TASK REQUIREMENTS: From the line containing "汽车馆(网上汽车馆)副馆长刘" down to the line containing "Élégant mini-carte de", copy out the entries below exactly, both lines included, and nothing else; pictures do not belong in the copy.

-- ENTRIES SHOWN follows --

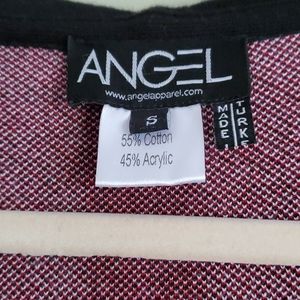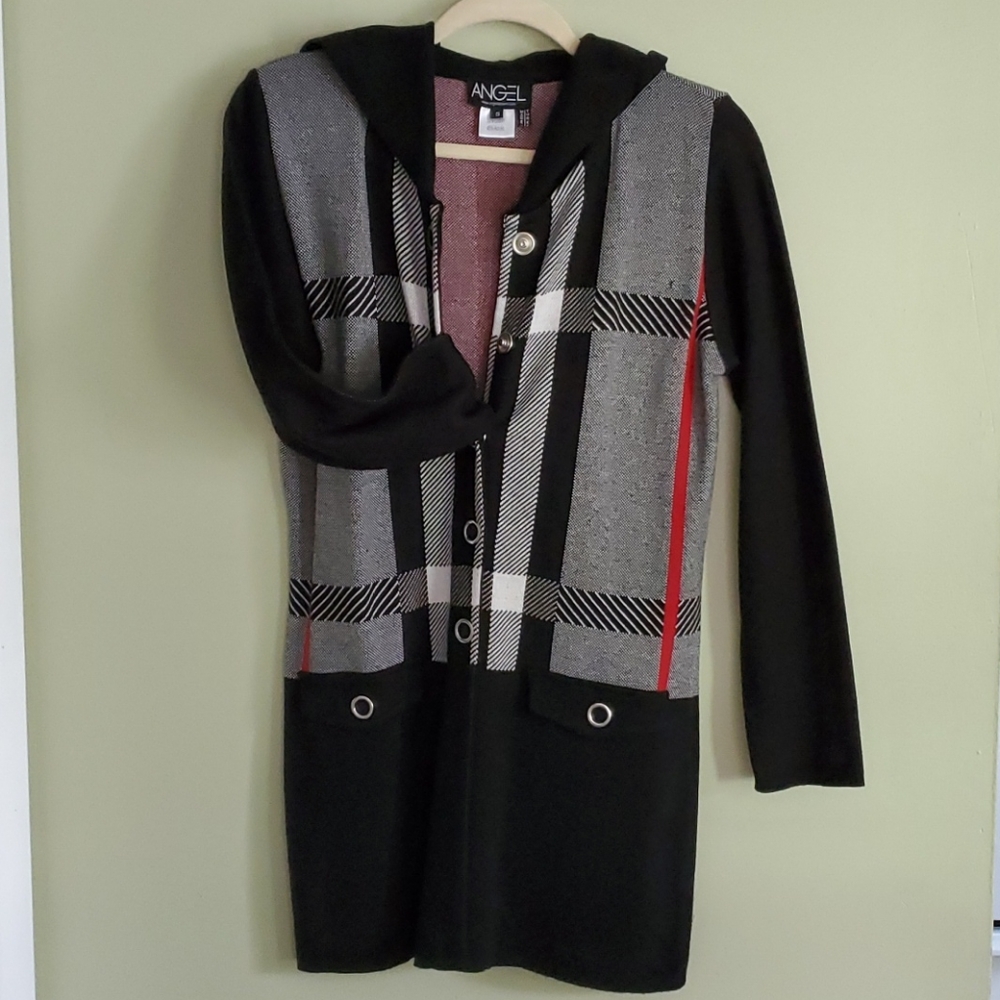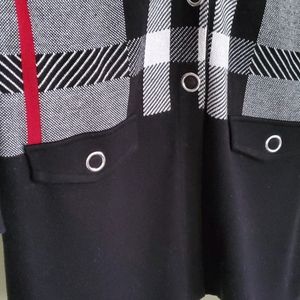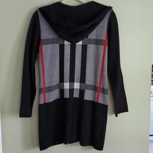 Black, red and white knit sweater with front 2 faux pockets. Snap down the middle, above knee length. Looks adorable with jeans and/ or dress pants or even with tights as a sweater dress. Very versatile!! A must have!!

-- ENTRIES SHOWN concluded --
-- ENTRIES SHOWN follows --

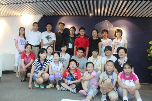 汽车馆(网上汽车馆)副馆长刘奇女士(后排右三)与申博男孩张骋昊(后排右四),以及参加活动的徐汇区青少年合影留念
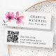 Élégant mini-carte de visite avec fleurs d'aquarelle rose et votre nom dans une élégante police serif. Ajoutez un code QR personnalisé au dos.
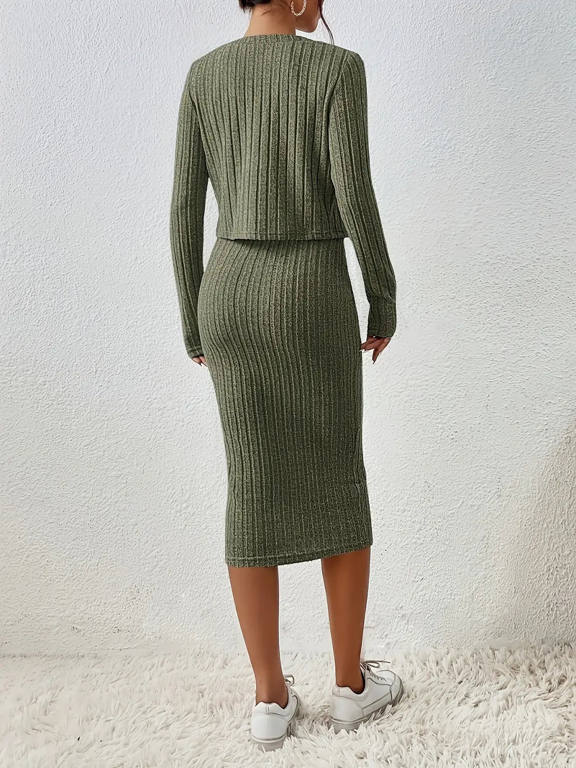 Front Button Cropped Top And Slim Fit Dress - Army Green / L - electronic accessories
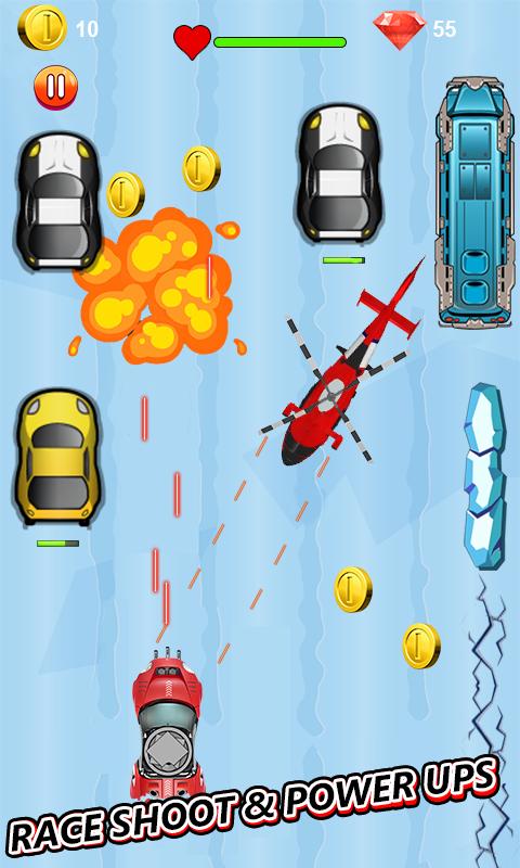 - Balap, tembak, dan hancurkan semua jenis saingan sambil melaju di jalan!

-- ENTRIES SHOWN concluded --
-- ENTRIES SHOWN follows --

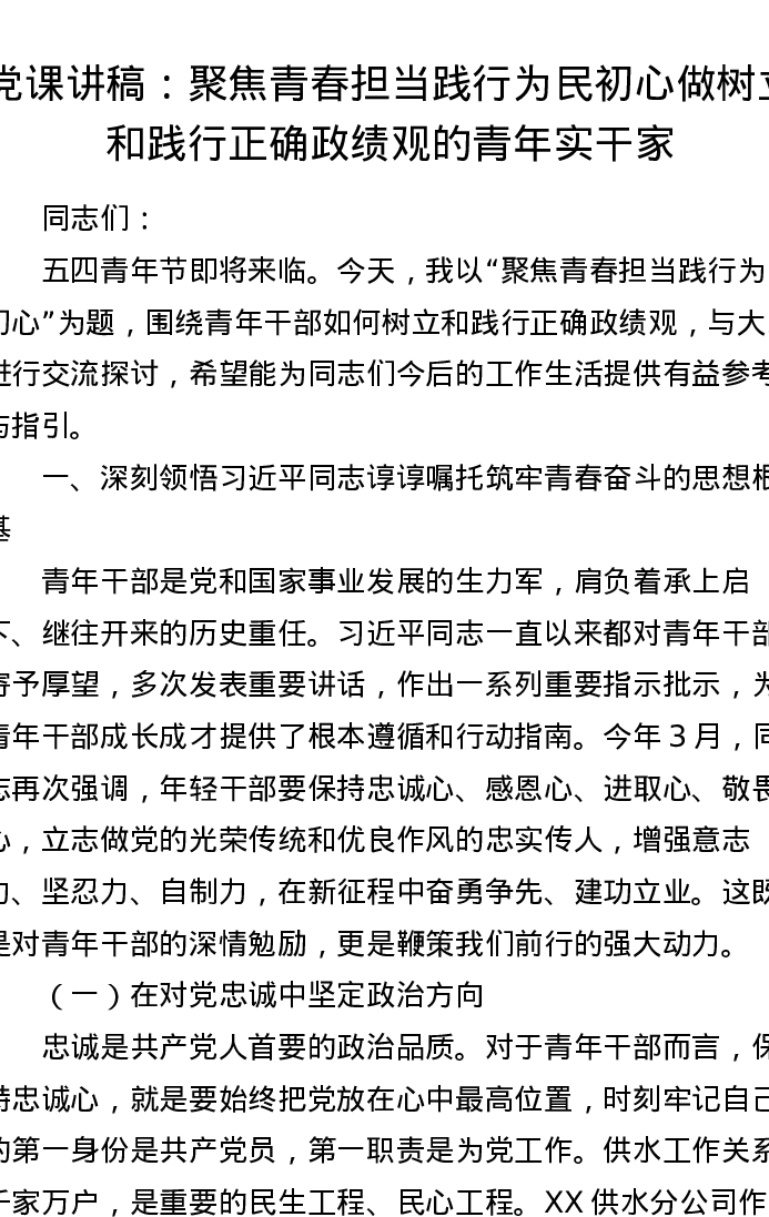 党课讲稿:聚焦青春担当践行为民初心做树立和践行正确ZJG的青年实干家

-- ENTRIES SHOWN concluded --

WRITTEN SOLUTION:
 汽车馆(网上汽车馆)副馆长刘奇女士(后排右三)与申博男孩张骋昊(后排右四),以及参加活动的徐汇区青少年合影留念
 Élégant mini-carte de visite avec fleurs d'aquarelle rose et votre nom dans une élégante police serif. Ajoutez un code QR personnalisé au dos.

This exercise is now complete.